Risk-Adjusted Performance

Weakest

 
Weak
 
Strong
Over the last 90 days Warehouse REIT plc has generated negative risk-adjusted returns adding no value to investors with long positions. In spite of rather sound technical and fundamental indicators, Warehouse REIT is not utilizing all of its potentials. The newest stock price tumult, may contribute to shorter-term losses for the shareholders.

Uniper SE and Warehouse REIT Volatility Contrast

   Predicted Return Density   
       Returns  

Pair Trading with Uniper SE and Warehouse REIT

The main advantage of trading using opposite Uniper SE and Warehouse REIT positions is that it hedges away some unsystematic risk.
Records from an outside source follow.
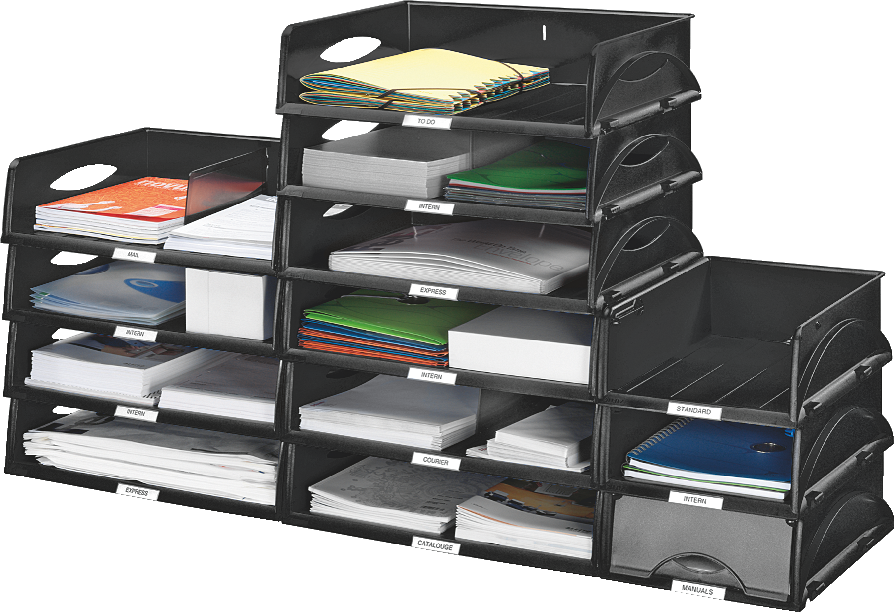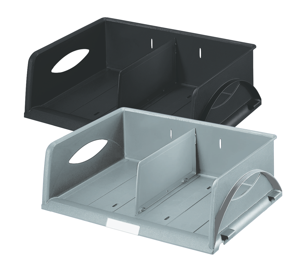 Modulares Sortier- und Ablagesystem bestehend aus großformatigen Ablagekörben. Ideal für die Verwendung in Poststellen, Kopierräumen, Lagern und Empfangsbereichen.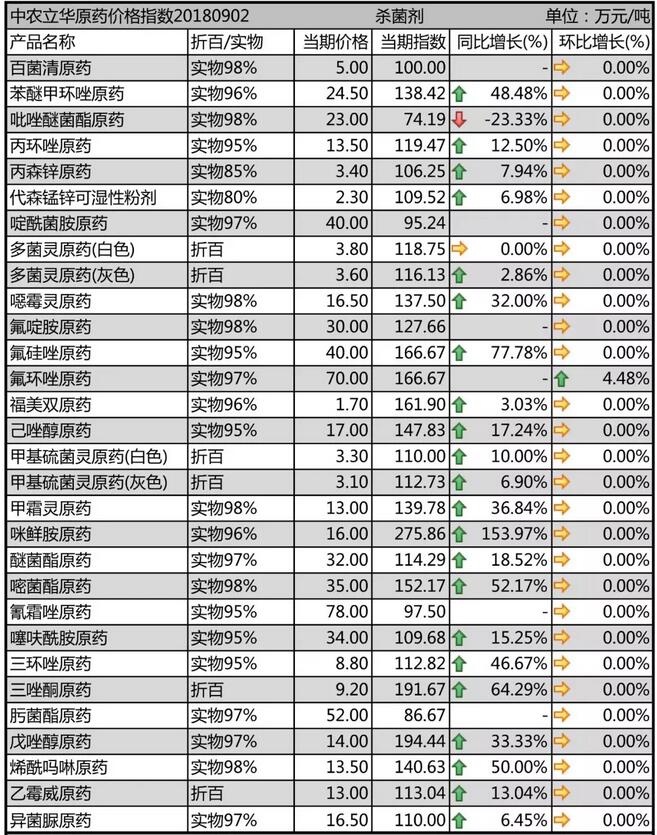 9月初國(guó)內(nèi)農(nóng)藥原藥殺菌劑市場(chǎng)價(jià)格走勢(shì)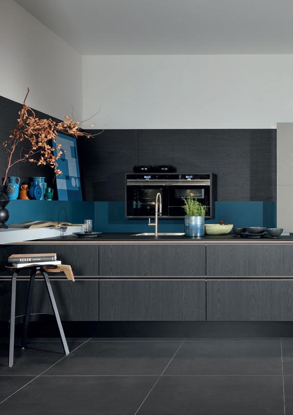 Kuhinja Interliving, serija 3061, navdušuje s svojimi brezkompromisno ravnimi linijami in izjemnim prostorom za shranjevanje. Vizualno prepričajo sprednje površine v visokem sijaju grafitnega laka, v kombinaciji z odtenkom v barvi lesa Castell.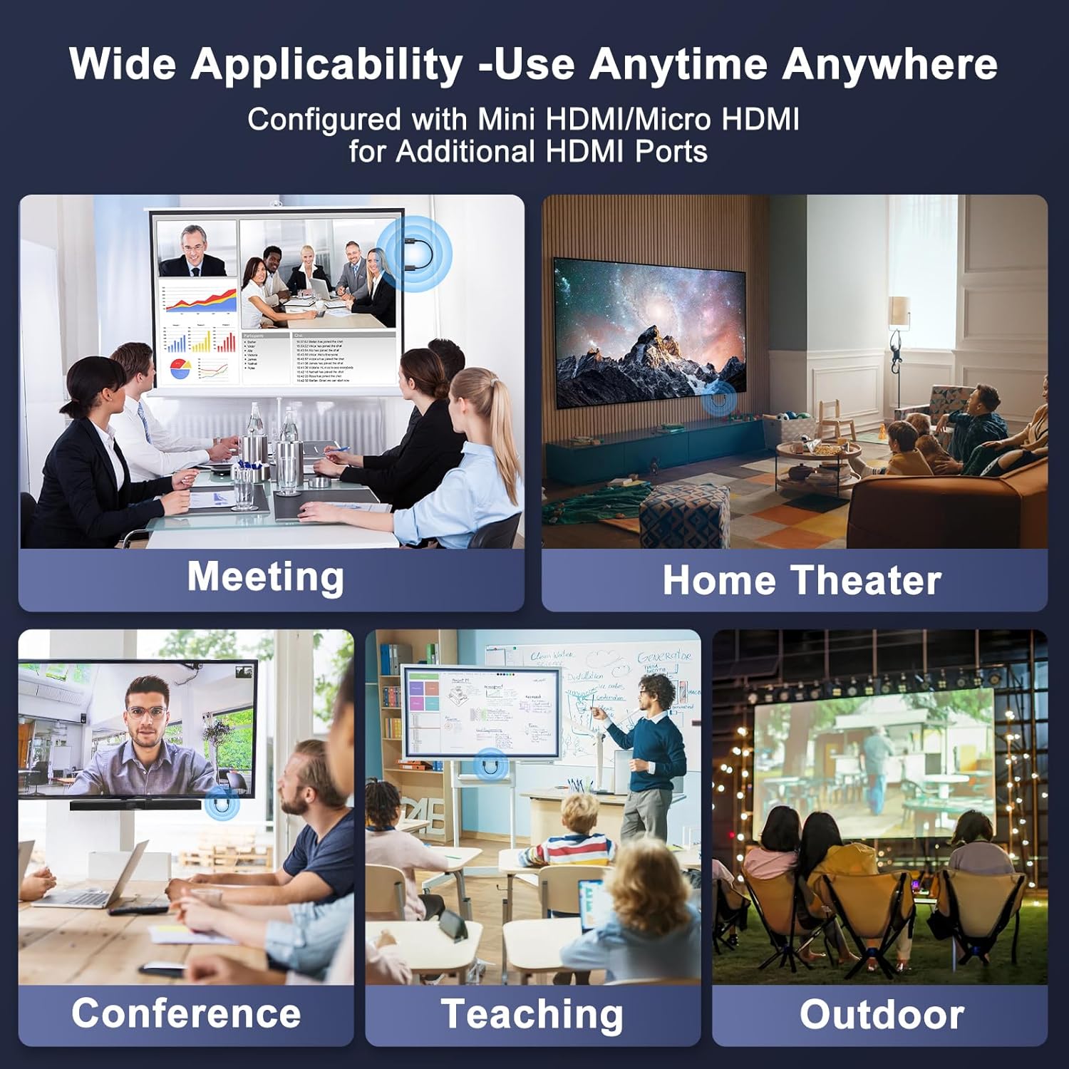 【 No APP Required Plug and Play 】 HDMI Wireless Transmitter and Receiver No Driver, No Bluetooth, No Wifi, Plug and Play, up and running quickly in 10 seconds, enjoy a true plug and play experience. Solves the problems of traditional HDMI cable connection, affecting aesthetics and short transmission distance, and the compact and easy to carry design doesn’t take up much space. Perfect for business meetings, corporate meetings, sharing conference materials, etc.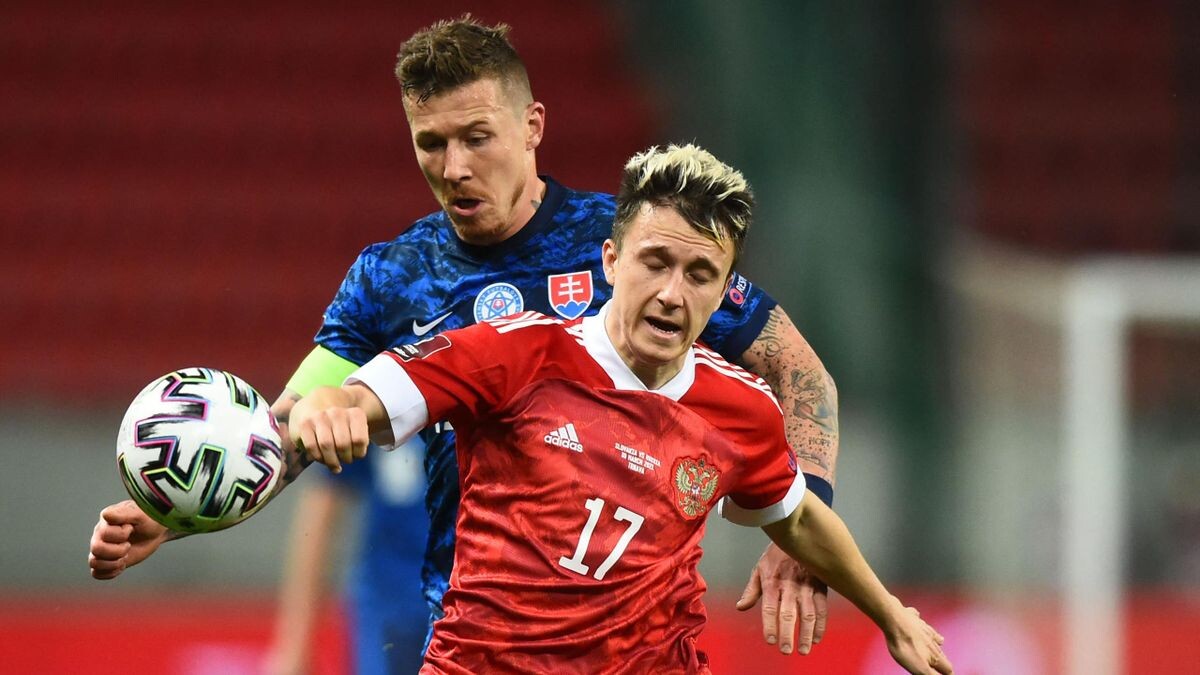 В матче 3-го тура квалификационного раунда чемпионата мира — 2022 сборная России встретилась с национальной командой Словакии. Встреча проходила на стадионе «Сити Арена Трнава» в городе Трнава (Словакия) и завершилась со счётом 2:1 в пользу хозяев. Матч обслуживала бригада арбитров из Испании во главе с Карлосом Дель Серро Гранде.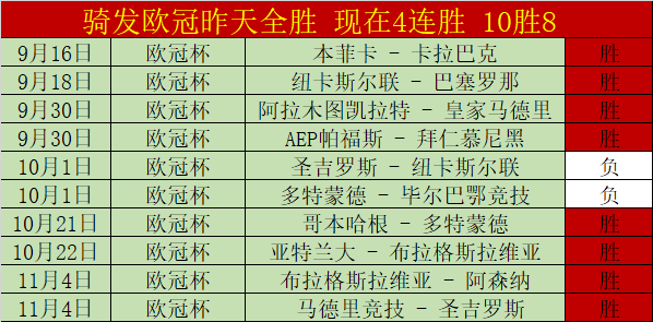 欧冠昨天两场全胜,现在4连胜,近10胜8,欧冠继续值得期待。昨4场全胜,19天胜11天胜+12,狂飙胜+值得认可!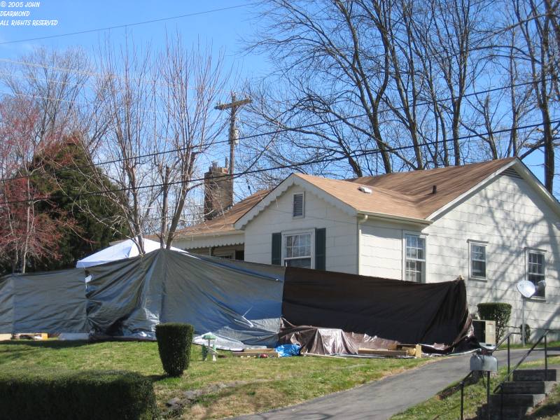 | Mike, Carla and "Worm" (Dave), the John G's crew beside the monsterized house. |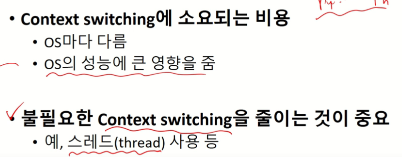 때문에 불필요한 Context Switching을 줄이는 것이 중요하겠으며 이를 위해 스레드(thread)가 존재합니다.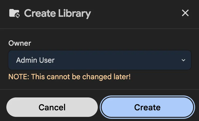 In the dialog, select which user should own the new library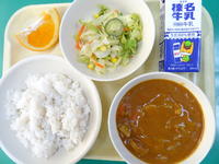 今日の給食は、麦ごはん、牛乳、富岡ボークのカレー、キャベツのサラダ、いよかんです。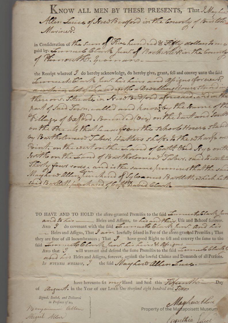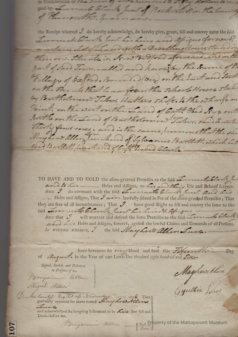 Quitclaim deed, Mayhew and Cynthia Luce of New Bedford to Lemuel Clark Jr. (yeoman) of Rochester, for $550, land and dwelling house in New Bedford. Recorded December 15, 1813, book 96, page 173.Collection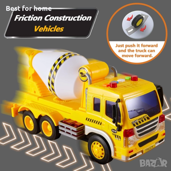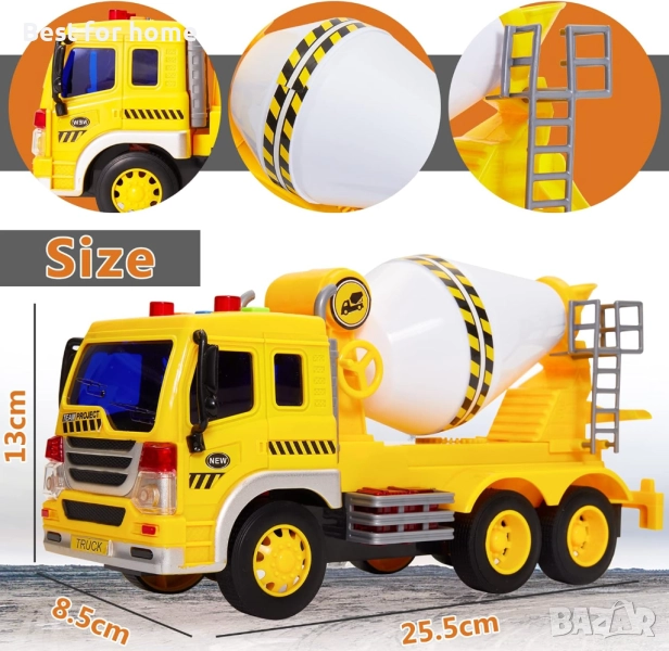 HERSITY Бетонобъркачка Играчка Количка Голяма със звук и светлина Камион Пясъчник Детска играчка Подарък за деца Момчета 3 4 5 години, 1:16 Играчка Миксер.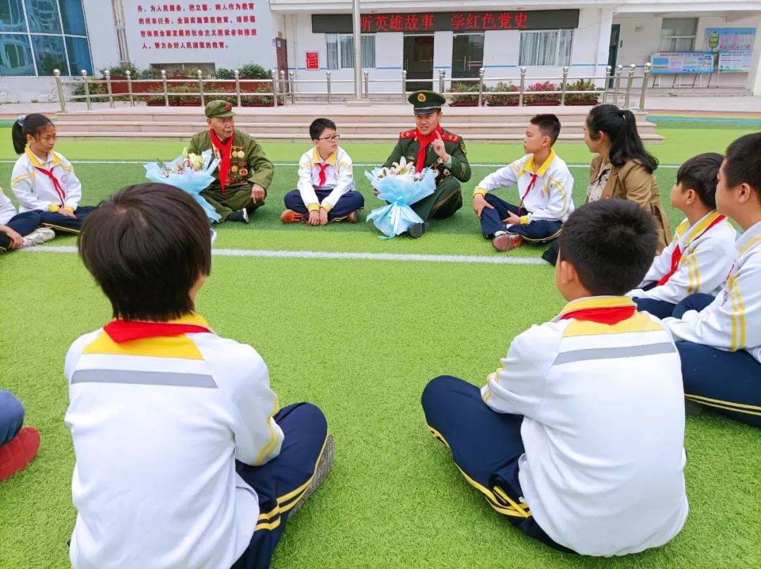 两名功臣的先进事迹博得现场阵阵掌声。“向英雄致敬、向英雄学习、向英雄靠近,从现在做起,努力学习成长,积极进取成才,接过先辈的接力棒,奋力前行不停歇,在祖国将来的建设中挑重担挑大梁,努力成长成为一名合格的社会主义接班人。”少先队员代表的决心,声音虽略显稚嫩却是那样的铿锵有力。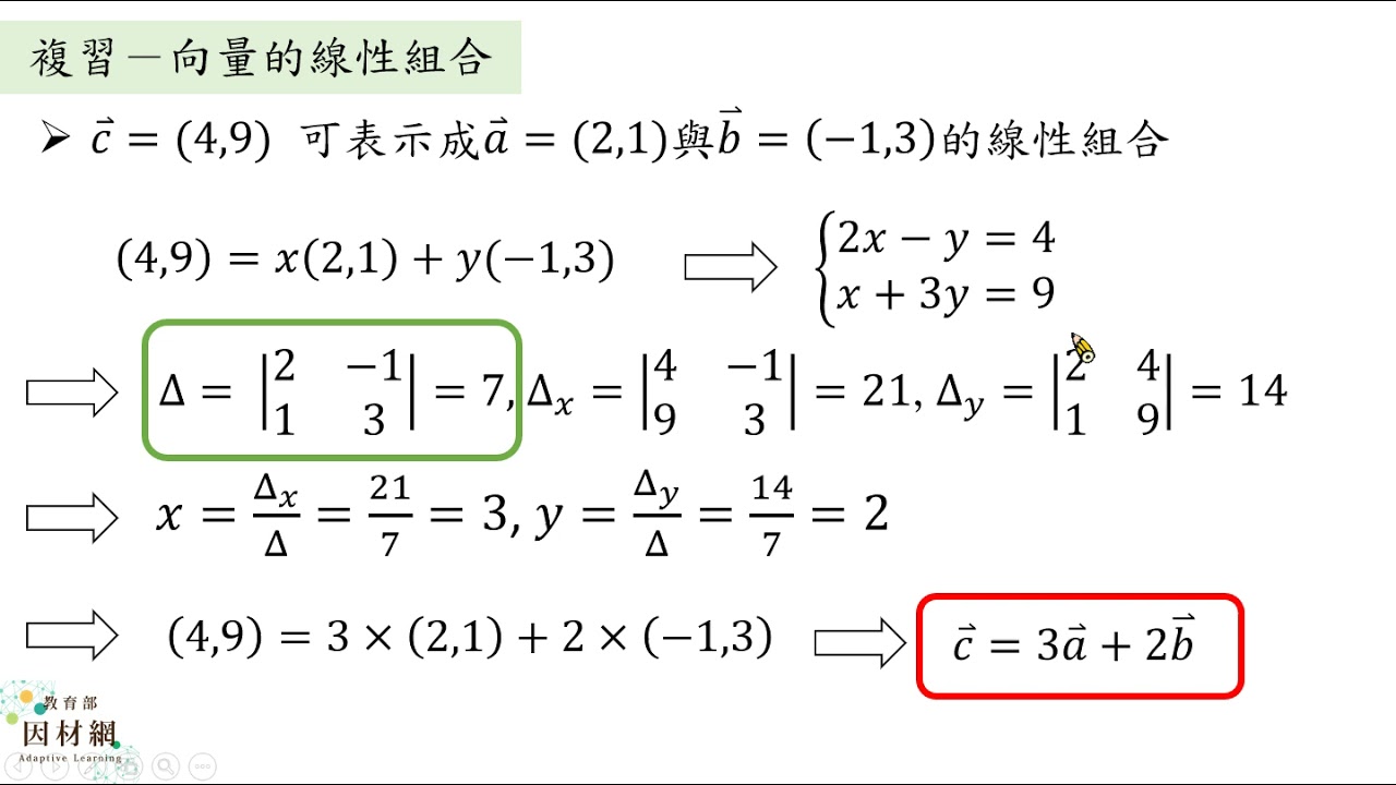 載入中... 相關課程 Back A-11A-1-S08_能從線性組合的觀點,理解克拉瑪公式的幾何意涵 相關課程 0 / 750 登入觀看 ⇐ Use this menu to view and help create subtitles for this video in many different languages. You'll probably want to hide YouTube's captions if using these subtitles. A-11A-1-S08_能從線性組合的觀點,理解克拉瑪公式的幾何意涵 上傳學習單 下載學習單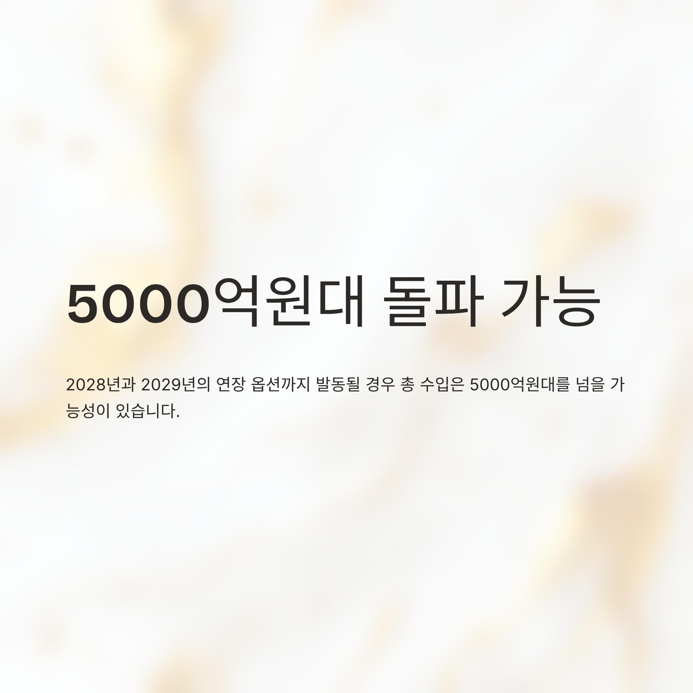 2028년과 2029년의 연장 옵션까지 발동될 경우 총 수입은 5000억원대를 넘을 가능성이 있습니다.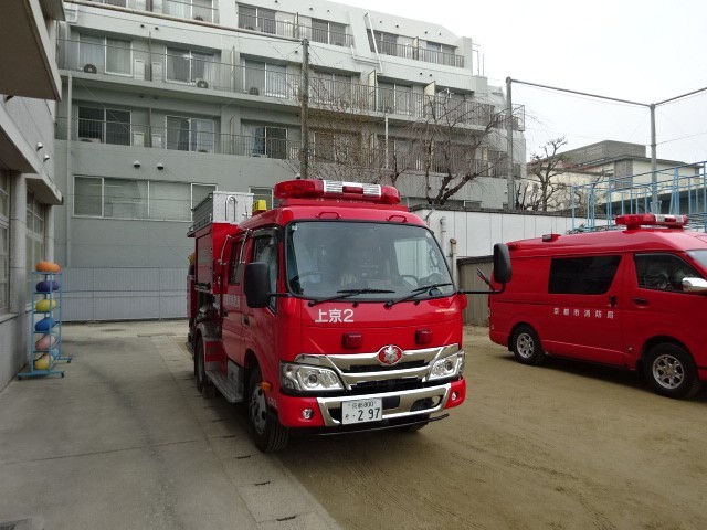 上京消防署からもたくさんの所員さんに来ていただき、子どもも教職員も一緒に訓練を行いました。

Because of two separate transactions, even if Uniper SE position performs unexpectedly, Warehouse REIT can make up some of the losses. Pair trading also minimizes risk from directional movements in the market. For example, if an entire industry or sector drops because of unexpected headlines, the short position in Warehouse REIT will offset losses from the drop in Warehouse REIT's long position.
The idea behind Uniper SE and Warehouse REIT plc pairs trading is to make the combined position market-neutral, meaning the overall market's direction will not affect its win or loss (or potential downside or upside). This can be achieved by designing a pairs trade with two highly correlated stocks or equities that operate in a similar space or sector, making it possible to obtain profits through simple and relatively low-risk investment.
Check out your portfolio center.
Note that this page's information should be used as a complementary analysis to find the right mix of equity instruments to add to your existing portfolios or create a brand new portfolio. You can also try the Portfolio Diagnostics module to use generated alerts and portfolio events aggregator to diagnose current holdings.